**DATA SHOWN:**
--- --- ---

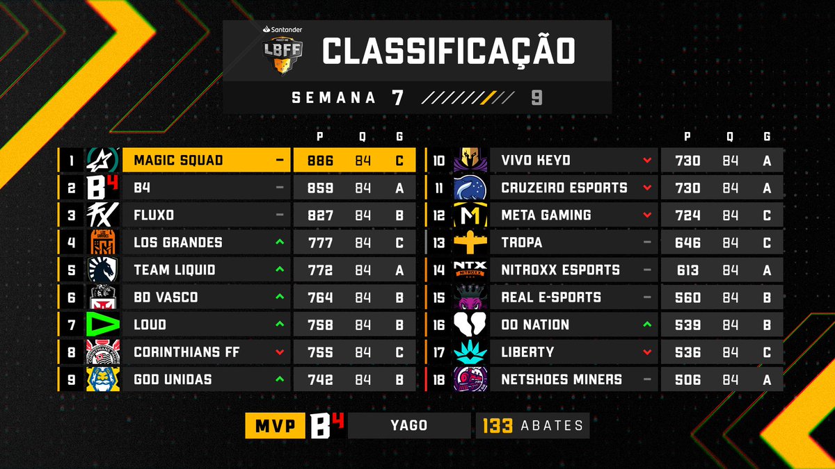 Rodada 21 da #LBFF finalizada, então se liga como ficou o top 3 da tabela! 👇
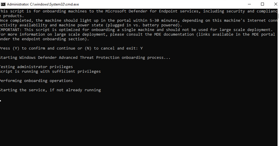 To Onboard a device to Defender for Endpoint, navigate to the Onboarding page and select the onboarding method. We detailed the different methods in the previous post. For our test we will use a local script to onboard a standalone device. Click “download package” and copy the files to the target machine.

--- --- ---

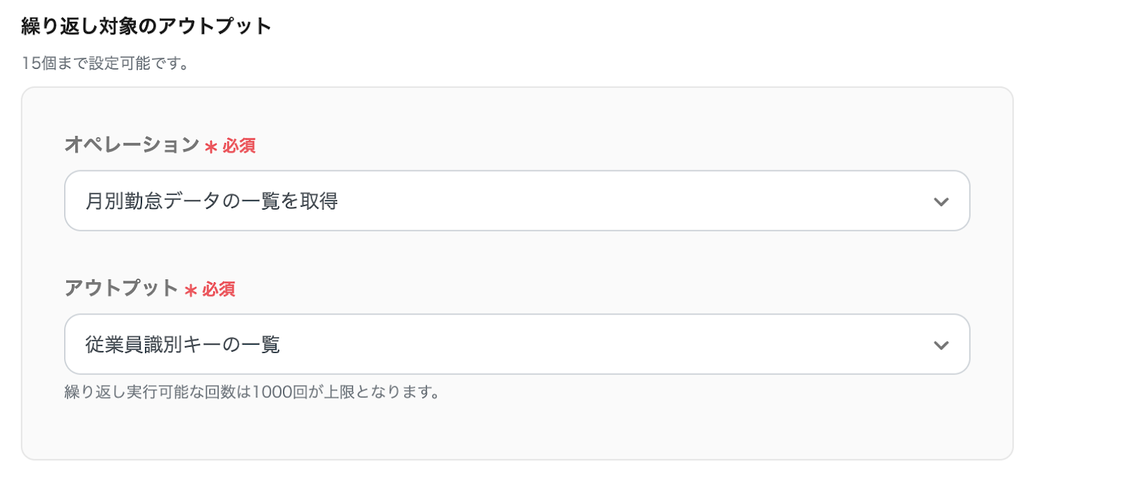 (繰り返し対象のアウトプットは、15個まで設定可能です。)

--- --- ---

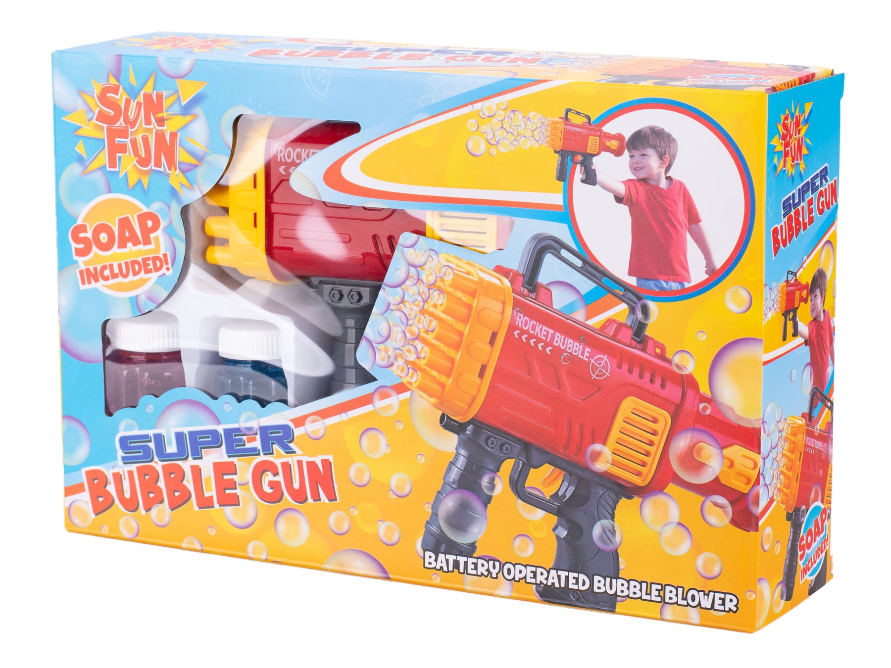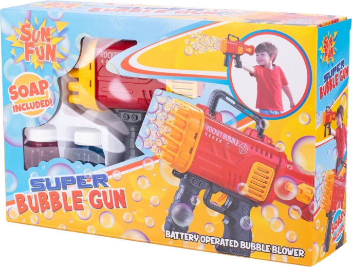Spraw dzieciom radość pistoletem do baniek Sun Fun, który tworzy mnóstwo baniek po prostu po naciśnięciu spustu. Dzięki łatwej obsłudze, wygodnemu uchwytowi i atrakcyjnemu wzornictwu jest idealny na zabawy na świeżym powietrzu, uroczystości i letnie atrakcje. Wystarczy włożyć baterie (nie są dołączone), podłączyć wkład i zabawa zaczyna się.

--- --- ---

**DIRECTIONS FOR THIS TASK:** Set the pictures aside and transcribe exactly the stretch of lines above, beginning with the one holding "Rodada 21 da" and ending with the one holding "To Onboard a device".

**COMPLETED TASK:**
 Rodada 21 da #LBFF finalizada, então se liga como ficou o top 3 da tabela! 👇
 To Onboard a device to Defender for Endpoint, navigate to the Onboarding page and select the onboarding method. We detailed the different methods in the previous post. For our test we will use a local script to onboard a standalone device. Click “download package” and copy the files to the target machine.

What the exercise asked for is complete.